In the field of neuro-oncology, machine learning methods based on magnetic resonance imaging (MRI) in conjunction with biomarkers outperform traditional statistical methods18.

The list of current biomarkers for human gliomas is limited and the search for new markers is relevant not only to improve diagnosis but also for the potential to find new therapeutic targets for various glioma types19.

MRI, basic and additional biomarkers for the diagnosis, prognosis, and treatment of gliomas (Table 1) are described in this and the following sections.

Table 1 Basic and additional glioma biomarkers 

Biomarkers Types of gliomas Use References
Basic Magnetic resonance imaging Diffuse astrocytoma WHO (II-IV) Identify IDH mutant status 16
IDH1/2 mutation WHO (II-III) Favorable prognosis 10
MGMT promoter methylation Glioblastoma multiforme WHO Grade IV Favorable prognosis
Chemotherapy sensitivity
1p/19q codeletion Oligodendrogliomas Favorable prognosis 13
Additional ATRX mutation Anaplastic astrocytoma Favorable prognosis 21
GFAP expression Astrocytomas Not a marker of lesser malignancy 4
SND1 overexpression WHO Grades III-IV Unfavorable prognosis
Promotes RhoA expression Potential target
RhoA overexpression WHO Grades III-IV Unfavorable prognosis
Promotes cell proliferation
TIP30 expression WHO Grades III-IV Favorable prognosis
Suppress EGFR
EGFR mutation WHO Grades IV Unfavorable prognosis 13
LncRNAs H19, MALAT1, POU3F3 WHO Grades II-IV Unfavorable prognosis 29


MRI is a routine procedure for the diagnosis of gliomas that gives a structural overview of the location, detailed anatomy, and pathological information of the tumor and allows the acquisition of additional physiological details in conjunction with other advanced techniques. Many studies to determine the molecular profiles, histological grade, and prognosis of gliomas are based on magnetic resonance images acquired when the tumor is first detected18.

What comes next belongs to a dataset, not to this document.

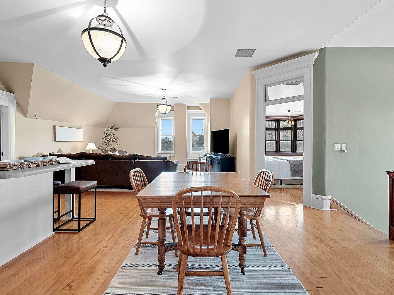 A spacious open-concept dining and living space welcomes natural light through large windows, creating a warm and inviting atmosphere perfect for families. The dining area features a classic wooden table with matching spindle-back chairs set atop a soft area rug, offering a cozy spot for shared meals or homework time. Light hardwood floors flow throughout, enhancing the airy feel. The living room hosts a plush sectional centered around accent lighting, while a breakfast bar with high stools bridges the kitchen to the dining area for casual gatherings. A calming combination of neutral beige walls and soft green accents adds timeless character.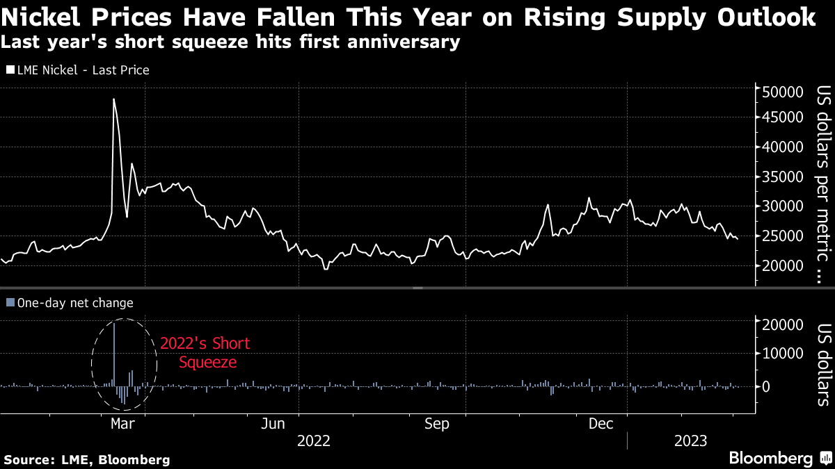 The UK markets watchdog initiated a probe into the London Metal Exchange for potential misconduct during a massive nickel short squeeze last year. Also, the LME nickel market is still dogged by illiquid and erratic trading.

Biomarkers in conjunction with MRI help to improve the classification, prognosis, and choice of glioma treatment9. An example is a radiomics-based method with three-dimensional MRIs obtained with specialized equipment allowing non-invasive estimation of the IDH1 gene mutation status16.

IDH mutations

IDH genes are traditional glioma biomarkers. Mutations in the loci encoding the human isoforms 1 (IDH1) and 2 (IDH2) are associated with better prognosis and therapeutic response of patients with gliomas16,20. In low-grade gliomas and few secondary glioblastomas have been identified, the single nucleotide polymorphism in codon 132 (R132H), which determines the amino acid changes from arginine to histidine in the IDH1 isoform, as well as in the 172 codon analog of the IDH2 isoform20.

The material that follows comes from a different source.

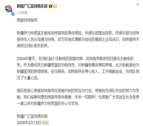 2月13日,新疆廣匯籃球俱樂部發布公告,稱主教練劉煒因身體原因辭職。全文如下: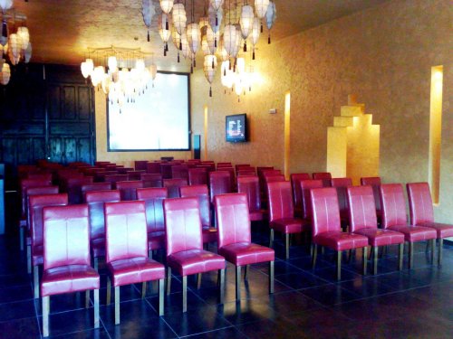 La sala è dotata di lavagna luminosa, lavagna a fogli mobili, microfoni fissi e senza fili, monitor, lettore DVD, sistema di amplificazione, videoproiettore, collegamento WI-FI a Internet.

Besides the fact that IDH1 and IDH2 gene mutations are relevant diagnosis and prognosis biomarkers, they are also associated with the incidence of pre-operative seizures in patients with low-grade gliomas10. In conjunction with the analysis of IDH1/2 mutations, two more markers are used for a more accurate diagnosis of gliomas: the chromosome codeletion 1p/19q21 and the methylation of the O6-methylguanine-DNA-methyltransferase (MGMT) gene promoter13.

Reviewing the IDH1/2 mutation status is a routine study for glioma classification13, complemented with non-invasive methods that detect the IDH status to quantify the patterns in various types of gliomas, mainly of low grade. An example is a non-invasive method that correlates MRI with the estimation of the IDH1 status in Grade II gliomas through segmentation, extraction of high-performance characteristics, selection, and classification of three-dimensional images through the use of radiomics.16

MGMT gene promoter methylation

The MGMT gene encodes a DNA repair protein whose expression is affected by epigenetic changes such as methylation, which induces silencing22.

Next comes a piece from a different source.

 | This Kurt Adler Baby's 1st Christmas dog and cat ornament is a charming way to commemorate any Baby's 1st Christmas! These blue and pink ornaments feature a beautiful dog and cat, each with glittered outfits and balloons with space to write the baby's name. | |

MGMT gene promoter methylation is a favorable prognostic marker for patients with high-grade astrocytic gliomas and also predicts a favorable response to the chemotherapy of anaplastic gliomas and glioblastomas with wild-type IDH1/2 profiles, as well as glioblastomas in older adults13.

1p/19q codeletion

A marker widely used in the classification of gliomas is the codeletion or loss of the heterozygous 1p/19q region, due to a centromeric translocation23. Glial tumors with this codeletion are defined as oligodendroglial tumors and have a favorable prognosis13.

Additional biomarkers

Staphylococcal nuclease domain 1 (SND1)

Overexpression of the SND1 protein is a common phenomenon in various malignant human tissues. SND1 promotes the malignant glioma phenotype through an epigenetic route that generates the topologic interaction of chromatin by promoting histone acetylation besides stimulating downstream transcription activation of the RhoA (Ras homolog family member A) gene that encodes the GTPase1 and promotes cell proliferation and invasiveness. SND1 and RhoA are, therefore, independent indicators of unfavorable prognosis of gliomas24.

Silencing the SND1 gene suppresses the proliferation and invasion of glioma cells, a finding indicating that the gene is not only a biomarker but a potential therapeutic target24.


Overexpression of the RhoA protein has been associated with tumor cell proliferation and metastasis25. The inclusion of RhoA as a non-favorable prognostic biomarker of high-grade gliomas derives from the fact that SND1 activates transcription of the RhoA gene in cultured glioma cells and that the RhoA protein regulates the expression of CCND1, CCNE1, CDK4, and CDKN1B genes and accelerates the G1/S transition of the cell cycle that promotes proliferation16.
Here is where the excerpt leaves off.